Shown below are entries with pictures; the line with "頭皮が乾燥(特に冬のみ)かき" through the line with "Collier en acier" is the span to retype exactly, and the pictures stay out.

[Stored data]
BEGIN

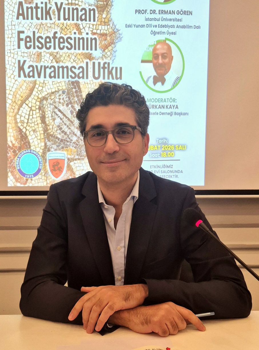 Bursa Sanayicileri ve İşinsanları Derneği (BUSİAD), Bursa Uludağ Üniversitesi ve Bursa Felsefe Kulübü'nün paydaşlığyla düzenlenen Açık Kapı Toplantıları/Felsefe Söyleşileri 2025-2026 döneminin beşinci toplantısında, İstanbul Üniversitesi Eski Yunan Dili ve Edebiyatı Öğretim Üyesi Prof. Dr. Erman Gören, "Antik Yunan Felsefesi'nin Kavramsal Ufku" başlıklı bir sunum gerçekleştirdi.
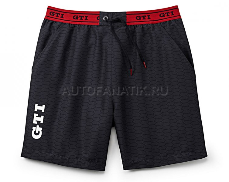 Чистое удовольствие от купания! Шорты для плавания с печатным "сотовым" узором GTI. Пояс ярко красного цвета с надписями GTI по всей окружности, регулировочный шнурок спереди по центру. Другой, белый логотип GTI сияет на правой штанине. Практичный карман на молнии сзади. В заднем кармане встроена резиновая этикетка GTI. Цвет: черный/красный. Материал: 100% полиэстер.
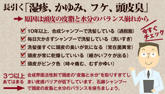 頭皮が乾燥(特に冬のみ)かきむしりをするクセがあり、血が出たり、ピンク色の跡になったり・・・。たまたま沖縄の検索しましたら、「アトピーの人でも安心して使っています」と書いてあるのをみて、実は、私もアトピーっぽいなので、本当にかゆみが出ないの?と半信半疑で購入いたしました。細かな洗い方のコツと保管のしかたなどについて、三日坊主にならないかと心配しておりました。使用しましたら、翌日、ピンク色の跡だったのか、白い肌におさまりました。
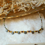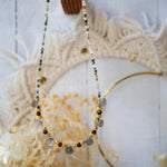 Collier en acier inoxydable, composé de tourmalines, pierres de lune grises, grenats et de breloques dorées or fin.
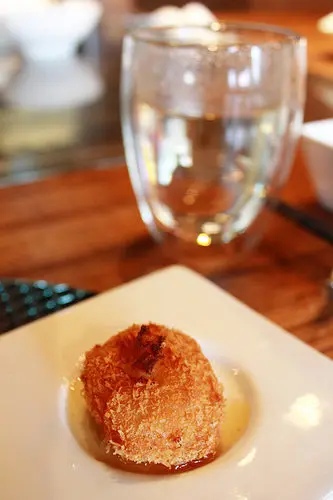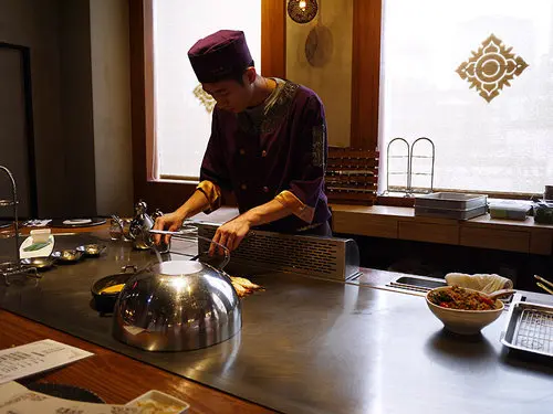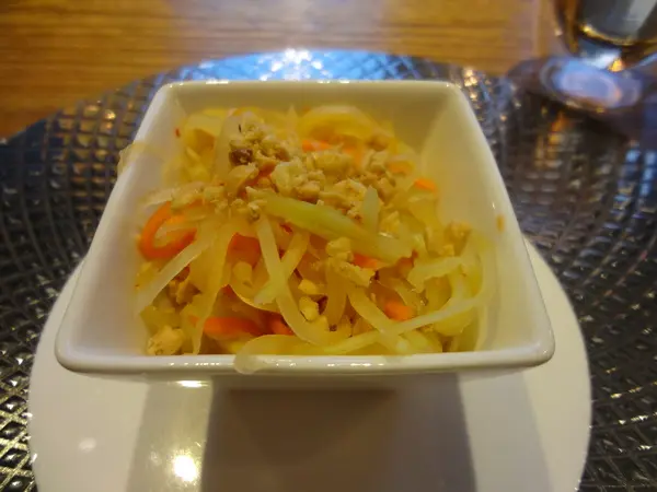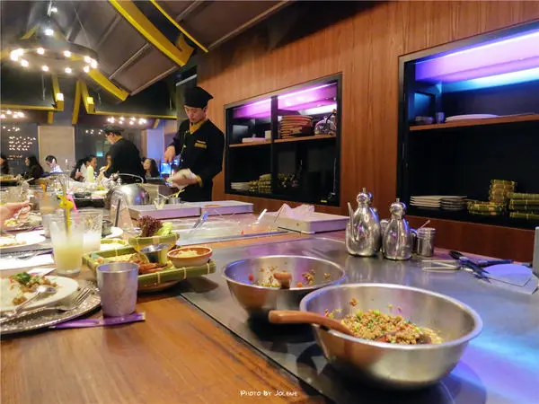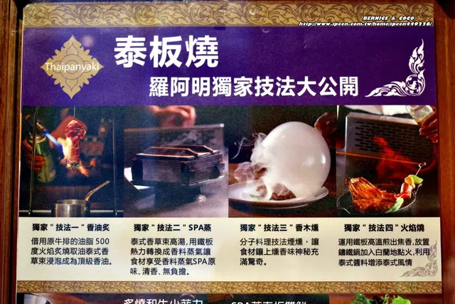 睽違兩年又再度品味一下泰板燒的滋味想當初第一次與他相遇時,覺得泰式料理也能在鐵板上大作料理覺得太新鮮惹對它是多麼想念和心心念念哪天能再來嚐嚐這可能是近期還能撐上幸運的事了(畢竟近日衰衰的)瞧瞧菜單,更多了南洋風味價格依然都已588、688、888、988、1088為主相關菜單鐵板上好不熱鬧可惜因晚餐時間客人較多,只好被安排離鬧區遠一點點無法看到更多美食秀環境上有著泰國風情,仿佛令人懷念起泰國行泰板燒不僅是家庭聚會、或朋友情侶都很適合以套餐方式,從前菜、濃湯、沙拉、主食、飲品和甜點還有可無限續的白飯及打拋肉,十足豐盛及飽足一入座,店員就遞上熱香茅茶,取代了一般茶水,冰的則是附上薄荷茶女孩子天氣冷喝熱得好喇開胃前菜有著懷念的月亮蝦餅,還有酸辣蝦拌麵及黃瓜配大薄片店家有說明從中間開始食用,畢竟左右兩邊的口味都過於明顯怕壓過蝦餅味道酸辣味很帶勁,蝦子吃來新鮮湯品則是選擇海鮮酸辣湯及泰式香菇雞肉湯海鮮酸辣湯,辣度程度明顯,若不嗜辣者(但又很想喝酸辣湯)可以和店家索取椰奶沖淡濃郁感唷不過我們是覺得不會太辣喇,但就是重口味的湯喔使用些許蝦仁及花枝,內容度就比較沒那麼豐盛泰式香菇雞肉湯反到是這碗湯就澎湃許多,被兩顆雞肉丸子占滿,還有香菇及蛤蠣口味偏清淡,若是有點道這碗湯一定要先嚐這碗,不然味道就被壓過去囉沙拉選擇涼拌海鮮沙拉及豬肉沙拉涼拌海鮮沙拉口味吃來與開胃前菜的酸甜醬極度相似而豬肉沙拉,可使用美生菜包覆,吃來就像包蝦鬆的口味雷同尤其是美生菜的脆度,搭上涼拌豬肉丁,覺得非常爽口相較起來比較喜歡這道沙拉呈現,也看似澎湃感喇品嘗到沙拉這道時,鐵板也不閒著我們的主食正在鐵板上蹦跳中就從潮泰炙燒脆皮豬開始說起吧先取出豬五花最均勻的部位,先置入烤箱高溫烤至6分熟,再放上鐵板加熱分割就呈上圖樣貌,使用火槍將豬皮製燒酥脆,不過這部分我們是沒嘗見啦乍看真的很像故宮博物院的東坡肉只差這是酥脆貌擺上盤,那三層的豬肉層次鮮明,還可以搭配店家調製成的沾醬不過稍微可惜的是,不知哪個環節失手了,覺得製燒脆皮有點過硬吃來偏乾,反倒是一直配上三味沙朗牛排的椰汁將才吞得下去可能揪令是老人嘴喇反倒是可以看到沙朗牛排在鐵板上滋滋作響就把希望放在這道菜上了三味沙朗牛排顧名思義的一牛三吃的概念,不過看到脆皮豬在另一旁感覺是有點空虛既冰冷口將口將!上桌囉彷彿吃下午茶般,三層不同享受使用美國的Prime等級的冷藏沙朗心,使用油花分布不同區塊製成三種型態料理第一層已五分熟肉條狀呈現,再搭配椰汁醬覺得鮮嫩,趁熱吃較好咀嚼,椰汁醬更欲罷不能很多食材都要搭配椰汁醬才覺得夠味第二層椒鹽骰子牛,這個真的要趁熱吃!因為不小心放冷後有點死鹹加略硬,阿唷浪費好味道了喇不過可以請廚師不要灑太多椒鹽唷,不然都搶走牛肉原先的汁味最下層,也是肉片及肉條搭配,這是使用牛排最邊邊較有嚼勁的部分煎製,搭配泰式烤肉醬因這盤較早處理好,原先還擔心會不會溫度降低後口感不佳沒想到真的就只有骰子牛部分冷調會略硬外,其餘可能因有醬汁相佐,吃來都很美味唷除了主食外,泰板燒的周邊主食更吸引人尤其是打拋豬!超級下飯,可以有辣與不辣選擇再搭配泰國香米,要不是已經呈現半飽狀態真的可以無限續碗耶而三味沙朗牛排還會另外附上鳳梨炒飯喔黃金粒粒分明搭配鳳梨比較不油膩除了一般會附上米飯與打拋豬外,這鐵板麵包也是最讓我思思念念其實就是很簡單的白麵包,沒有進一步了解其成分不過撕開質感與咬下一口熱呼呼紮實感在沾上椰汁醬汁超對味其實點泰式椰汁雞就會附上這麵包囉不過這回我們是另外單點的,明明已經超飽了阿另外,打卡按讚還有泰味生蠔可以免費吃喔,一定要來一下的吃了這麼久終於到甜點胃出動時刻這回選南瓜布丁及香蕉煎餅南瓜布丁的南瓜味不會特別重,還是吃得到雞蛋香,的確是很特別的口感但是來到泰式餐廳怎能錯過香蕉煎餅呢薄薄一層餅皮搭配香蕉及煉乳,是會讓人一口接一口,不會因為香蕉及煉乳而過於甜膩覺得這還是必備款的而飲品上,則是荔枝汁(左)及泰式奶茶(右)其實雙方喝起來就是一般般喇,沒特別驚豔泰式奶茶也經過調整沒有我們印象的橘黃色所以想喝什麼就喝吧~(揪令反倒比較喜歡香茅茶XD)南洋風格,就連洗手間也可以沉靜再精油芬香氛圍裡一般座位區還有泰國lobby會使用的大屋頂真的會有一股錯意是坐在泰國的泰國餐廳裡呢泰式料理在鐵板舞弄一番弄出多樣式的創意料理從前菜至飲品甜點將過去需要單點一盤盤椒麻雞阿、打拋豬阿、酸辣海鮮湯等泰板燒一次到"味"呢!菜單多少都有稍微調整依然維持在水準上尤其服務態度很好唷,隨時注意客人一舉一動那個打拋豬阿~那個飯阿~還有簡單的鐵板麵包阿真的還是很容易讓人想念呢根據自己喜愛的主食價格會有所不同下回還是要找三五好友,每種都來一份,什麼都能吃到的感覺真好…查看更多
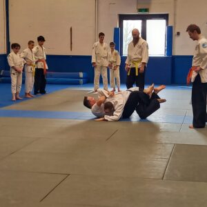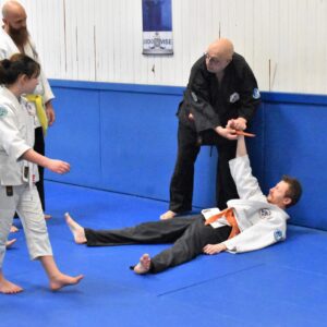 Le cours spécial de jiu-jitsu qui s’est tenu le 10 mars 2024 au JJKBCV semble avoir été une expérience enrichissante et intensive pour les participants. Ces sessions, organisées environ une fois par trimestre, visent à approfondir les connaissances des pratiquants pour les préparer au passage de grade. Cette fois-ci, l’accent a été mis principalement sur les techniques de clés au sol, avec en alternance la révision des techniques sur agression, une attention particulière étant portée sur les situations de self-défense, notamment lorsque l’on est coincé contre un mur.

END

## [SOLUTION TO THE EXERCISE]
 頭皮が乾燥(特に冬のみ)かきむしりをするクセがあり、血が出たり、ピンク色の跡になったり・・・。たまたま沖縄の検索しましたら、「アトピーの人でも安心して使っています」と書いてあるのをみて、実は、私もアトピーっぽいなので、本当にかゆみが出ないの?と半信半疑で購入いたしました。細かな洗い方のコツと保管のしかたなどについて、三日坊主にならないかと心配しておりました。使用しましたら、翌日、ピンク色の跡だったのか、白い肌におさまりました。
 Collier en acier inoxydable, composé de tourmalines, pierres de lune grises, grenats et de breloques dorées or fin.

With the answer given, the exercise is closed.